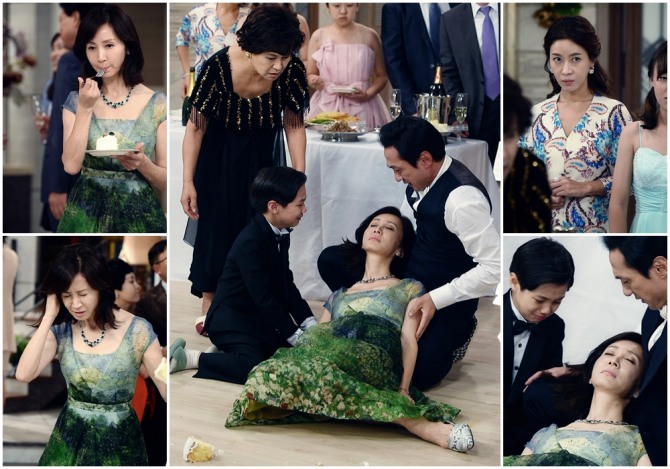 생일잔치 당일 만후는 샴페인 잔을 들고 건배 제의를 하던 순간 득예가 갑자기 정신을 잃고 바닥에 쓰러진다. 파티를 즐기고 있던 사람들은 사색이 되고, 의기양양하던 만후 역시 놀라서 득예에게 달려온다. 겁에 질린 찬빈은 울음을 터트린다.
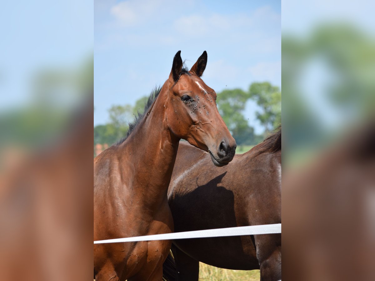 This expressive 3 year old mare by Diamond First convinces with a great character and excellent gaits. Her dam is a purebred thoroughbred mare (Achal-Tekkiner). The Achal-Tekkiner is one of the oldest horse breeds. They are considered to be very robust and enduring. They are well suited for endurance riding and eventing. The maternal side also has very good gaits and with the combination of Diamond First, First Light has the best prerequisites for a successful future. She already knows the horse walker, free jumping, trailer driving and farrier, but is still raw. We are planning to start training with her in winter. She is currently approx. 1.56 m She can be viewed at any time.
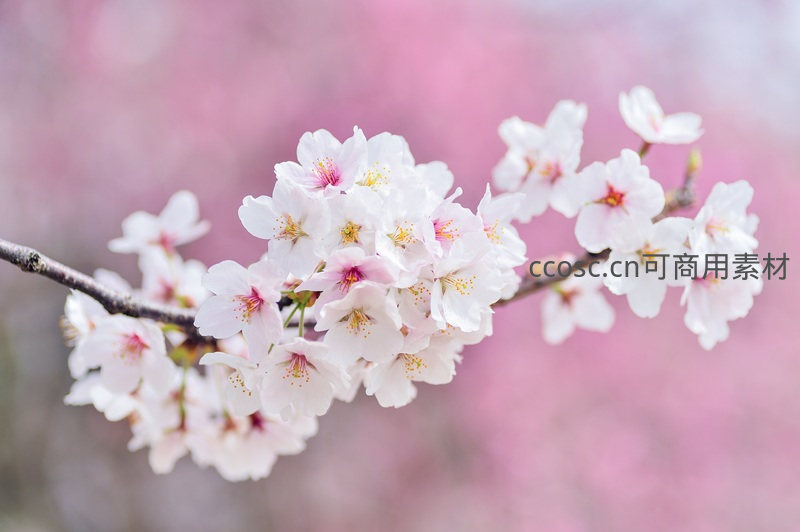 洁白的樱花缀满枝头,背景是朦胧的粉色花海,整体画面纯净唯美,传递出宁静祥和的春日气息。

==

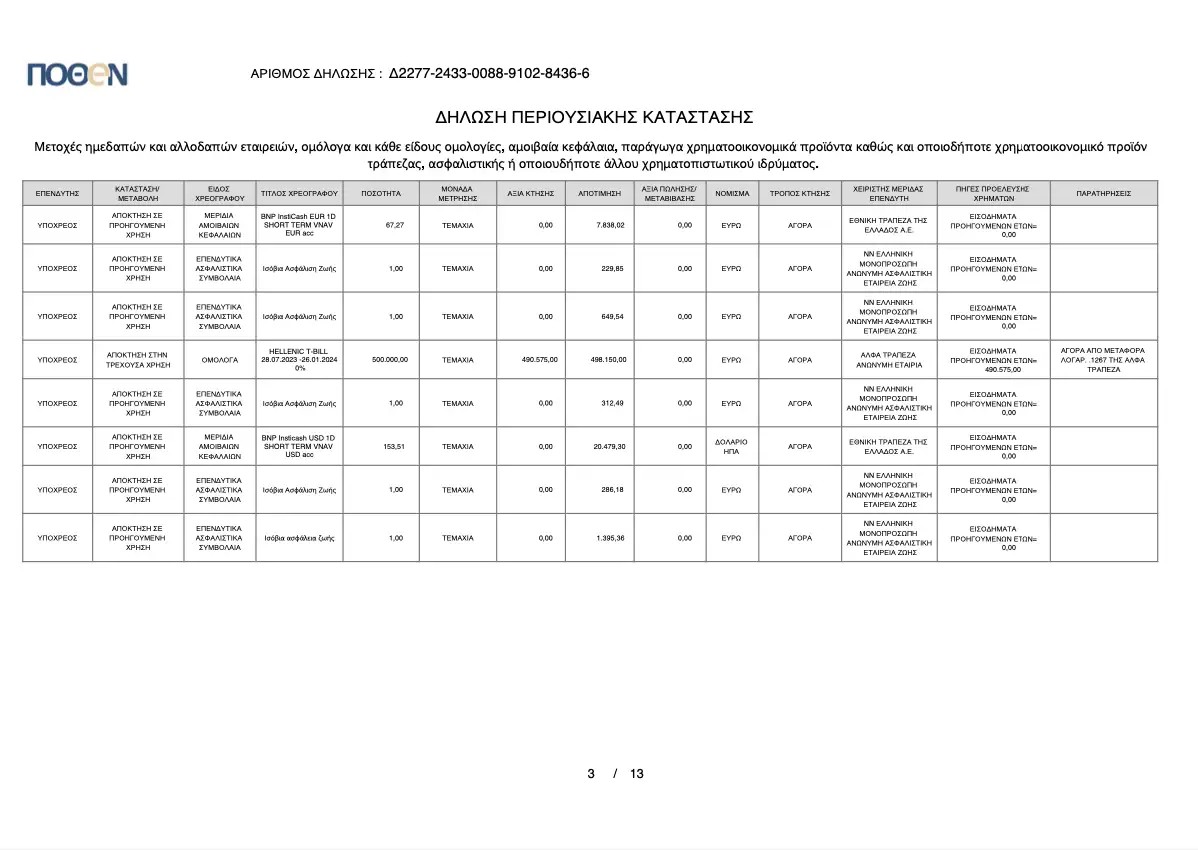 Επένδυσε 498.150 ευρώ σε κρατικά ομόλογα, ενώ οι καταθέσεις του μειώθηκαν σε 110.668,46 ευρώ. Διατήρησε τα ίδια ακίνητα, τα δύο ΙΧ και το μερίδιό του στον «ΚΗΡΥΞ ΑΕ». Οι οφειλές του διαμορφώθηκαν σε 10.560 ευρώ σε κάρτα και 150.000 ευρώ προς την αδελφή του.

Task instructions: When copying from the data above, print only the lines from the line containing "생일잔치 당일 만후는" to the line containing "洁白的樱花缀满枝头,背景是朦", exactly, and leave the pictures out.

Result for this task:
 생일잔치 당일 만후는 샴페인 잔을 들고 건배 제의를 하던 순간 득예가 갑자기 정신을 잃고 바닥에 쓰러진다. 파티를 즐기고 있던 사람들은 사색이 되고, 의기양양하던 만후 역시 놀라서 득예에게 달려온다. 겁에 질린 찬빈은 울음을 터트린다.
 This expressive 3 year old mare by Diamond First convinces with a great character and excellent gaits. Her dam is a purebred thoroughbred mare (Achal-Tekkiner). The Achal-Tekkiner is one of the oldest horse breeds. They are considered to be very robust and enduring. They are well suited for endurance riding and eventing. The maternal side also has very good gaits and with the combination of Diamond First, First Light has the best prerequisites for a successful future. She already knows the horse walker, free jumping, trailer driving and farrier, but is still raw. We are planning to start training with her in winter. She is currently approx. 1.56 m She can be viewed at any time.
 洁白的樱花缀满枝头,背景是朦胧的粉色花海,整体画面纯净唯美,传递出宁静祥和的春日气息。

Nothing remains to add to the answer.